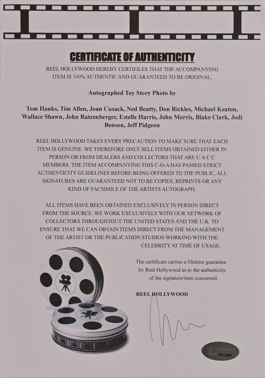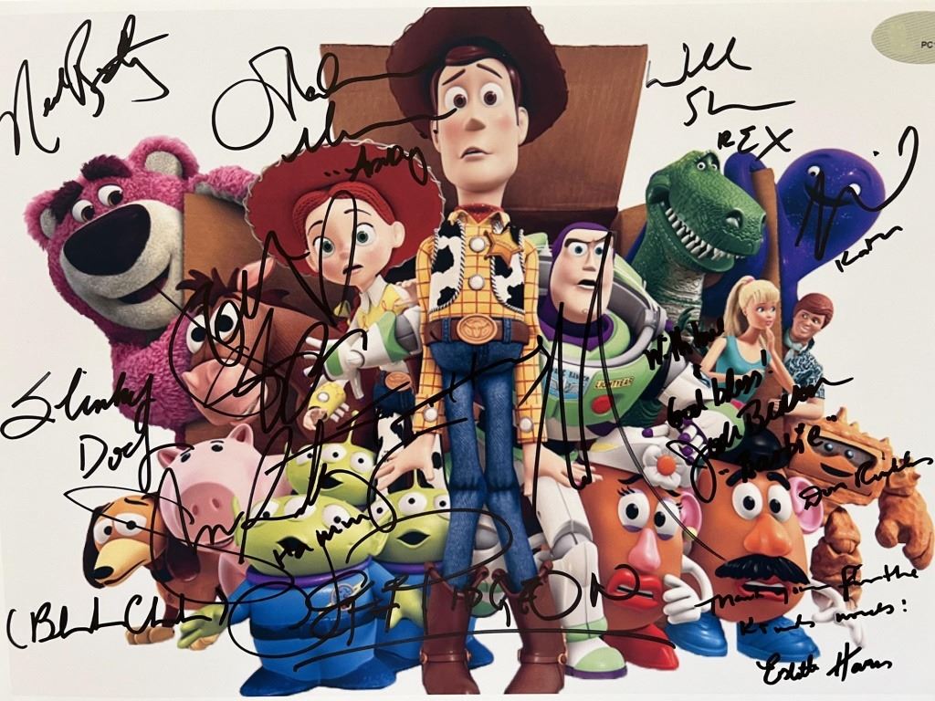Toy Story cast signed movie photo autographed by Ned Beatty, Jeff Pidgeon, Don Rickles, Estelle Harris, Wallace Shawn, Blake Clarke, John Ratzenberger, John Morris, Jodi Benson and Tim Allen. 8x10 inches. HL20124
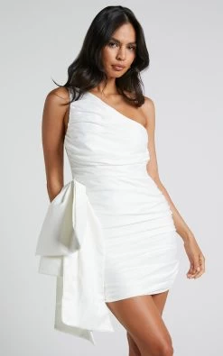 Your bridal look? All wrapped up with our Betty Side Bow Dress! This cool-girl dress is the perfect base for a ceremony and/or reception outfit to remember. Marrying a sleek one-shoulder silhouette with an oversized bow detail, it looks both traditional and unique – and will totally *pop* in the photos. Team it with dazzling high heels to complement the shorter length!
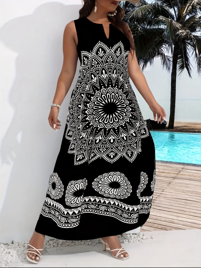 Mandala Floral Print Maxi Dress, Elegant Notched Neck Sleeveless Dress, Women’s Clothing

= = = =

- _WHAT YOU NEED TO DO_: The complete material, set down exactly and stripped of pictures, is the expected response.

- _RESULT OF THE TASK_:
Toy Story cast signed movie photo autographed by Ned Beatty, Jeff Pidgeon, Don Rickles, Estelle Harris, Wallace Shawn, Blake Clarke, John Ratzenberger, John Morris, Jodi Benson and Tim Allen. 8x10 inches. HL20124
 Your bridal look? All wrapped up with our Betty Side Bow Dress! This cool-girl dress is the perfect base for a ceremony and/or reception outfit to remember. Marrying a sleek one-shoulder silhouette with an oversized bow detail, it looks both traditional and unique – and will totally *pop* in the photos. Team it with dazzling high heels to complement the shorter length!
 Mandala Floral Print Maxi Dress, Elegant Notched Neck Sleeveless Dress, Women’s Clothing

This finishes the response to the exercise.